石走る 垂水の上の さわらびの/萌え出づる春に/なりにけるかも(巻8 ― 1418)
 といった美しい自然を詠んだ歌もあるし、
むささびは 木末求むと/あしひきの/山の猟夫に あいにけるかも(巻3 ― 267)
 木末を求めて飛び出したばかりに山の狩人に捕まってしまったむささびよ、かわいそうに、という歌には、皇子のお心をしのばすものがある。
 それから五百年位たって荒れ果てていた寺を、鎌倉時代に西大寺中興の祖、興正菩薩叡尊が白毫寺も再興整備された。叡尊のお弟子さんの道昭大徳が、弘長元年(1262)宋にわたって、艱難辛苦の上、大宋一切経の摺本を持って帰られたので、それ以来この寺を一切経寺と呼び、四月八日には、先に述べたとおり、一切経法要が営まれている。
 その頃、境内では樹齢四百年の五色椿(奈良三銘椿の一つで県天然記念物)はじめ沢山の椿が見事に咲き揃う。秋には参道の石段横から境内一帯に萩が咲いて、
高円の 野辺の秋萩 いたづらに/咲きか散るらむ 見る人無しに(巻2 ― 231)
 笠朝臣金村の志貴皇子への挽歌の風情をしのばせる。
 白毫寺のご本尊は阿弥陀如来様であるが、白毫寺というと、閻魔詣(一月十五日と七月十六日)を連想する程、閻魔様で有名である。重要文化財の木彫閻魔王坐像は鎌倉時代の作で、中国風の道服をまとい、真っ赤な顔は、目と口を大きくカッとあけた恐ろしい形相でにらみつけておられる。左右には待者の司命と司録の像がひかえている。司命は半跏像で、身体の前に巻物をひろげ、亡者の生前の悪業を読み上げている。司録も半跏像で、虎の毛皮を敷き、右手には筆を持ち、左手に持った一メートル程の木札に閻魔庁の裁判の記録を書き記している。三体とも見事な出来である。
 見るもおそろしげな閻魔様であるが、閻魔様の本地佛はお地蔵様で、死後三十五日目に閻魔王として、六道のどの道に進むかの判定を下し、けじめをつけた後で、地蔵菩薩のお姿で現れて救済の側にまわって下さるのだそうだ。

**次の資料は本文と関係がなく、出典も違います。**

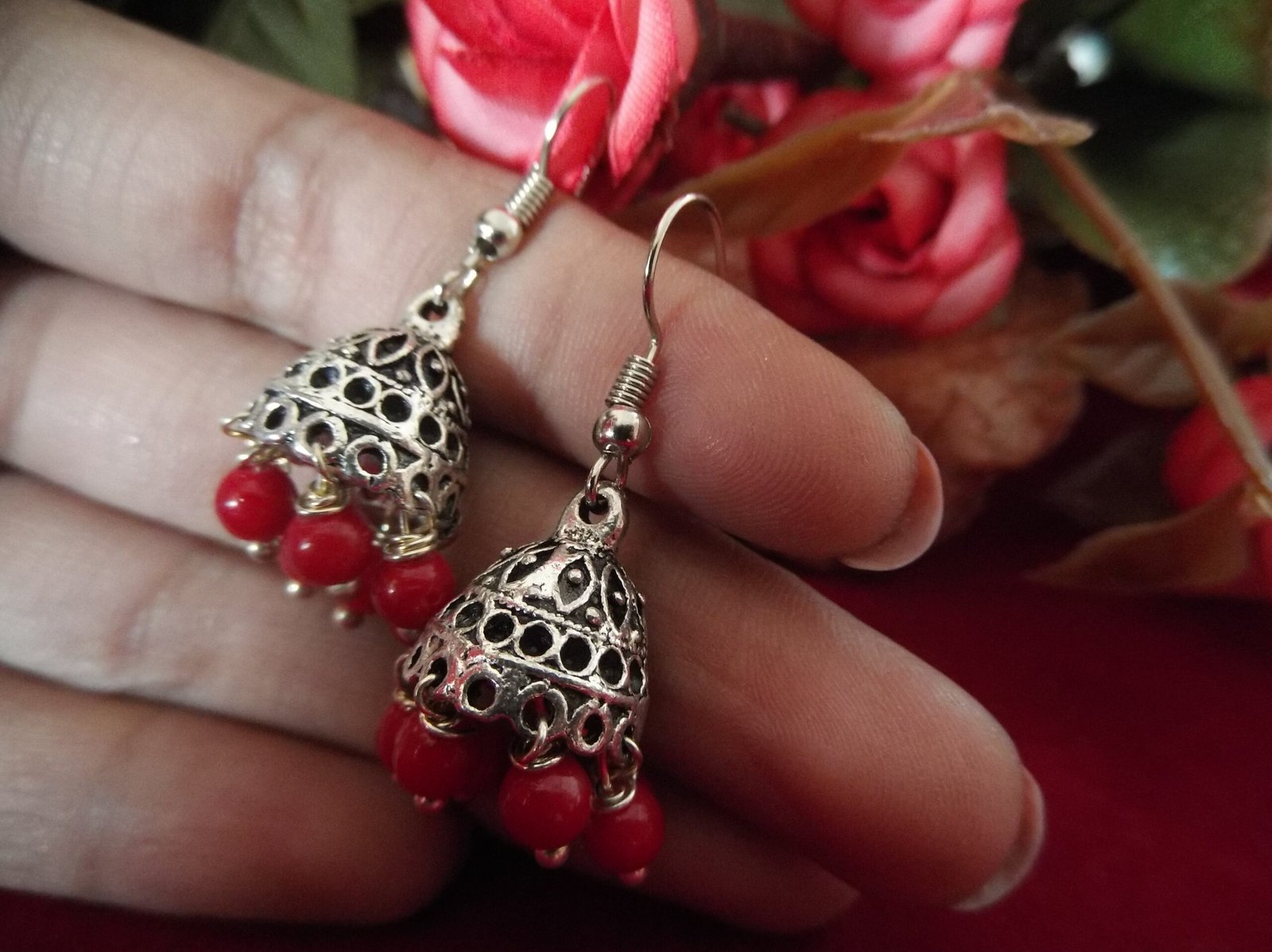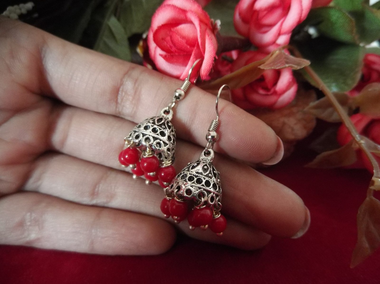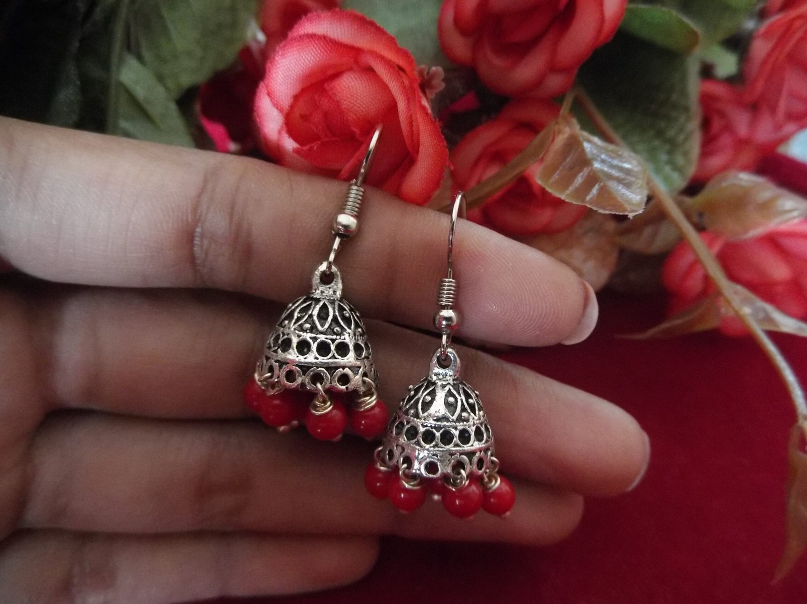 Elevate your ensemble with our Silver Color Oxidized Hanging Earrings featuring charming small Jhumki ornaments adorned with vibrant red beads. Perfect for adding a touch of elegance and sophistication to any look. “Step into a realm of timeless elegance with our Silver Color Oxidized Hanging Earrings

 境内には石造の地蔵十王像がまつられている。十王とは死後の世界で亡者を裁く十人の王のことで、死者は初七日には秦広王、二七日には初江王、三七日には宋帝王、四七日には五官王、五七日には閻魔王、六七日には変成王、七七日には太山王、百ヶ日には平等王、一周忌には都市王、三回忌には五道転輪王によって、それぞれ裁きを受けるとされている。そして、初七日の秦広王は不動明王、四十九日を担当されている太山王は薬師如来、三回忌の五道転輪王は阿弥陀如来というように、それぞれ本地佛がある。けじめをつけられた後は救済して下さるという信仰で、このお寺が再興された鎌倉時代は、特に十王信仰が盛んであったという。
 昭和五十年一月十五日の閻魔詣に主人と一緒にお参りしたら、福引をしておられた。それを引いたところ、二つしか用意しておられなかったという特賞が、主人と私に当たった。その年、長女の家には佐智子という女の子、長男には朗という男の子を授かったのは、忘れ難い思い出として感謝している。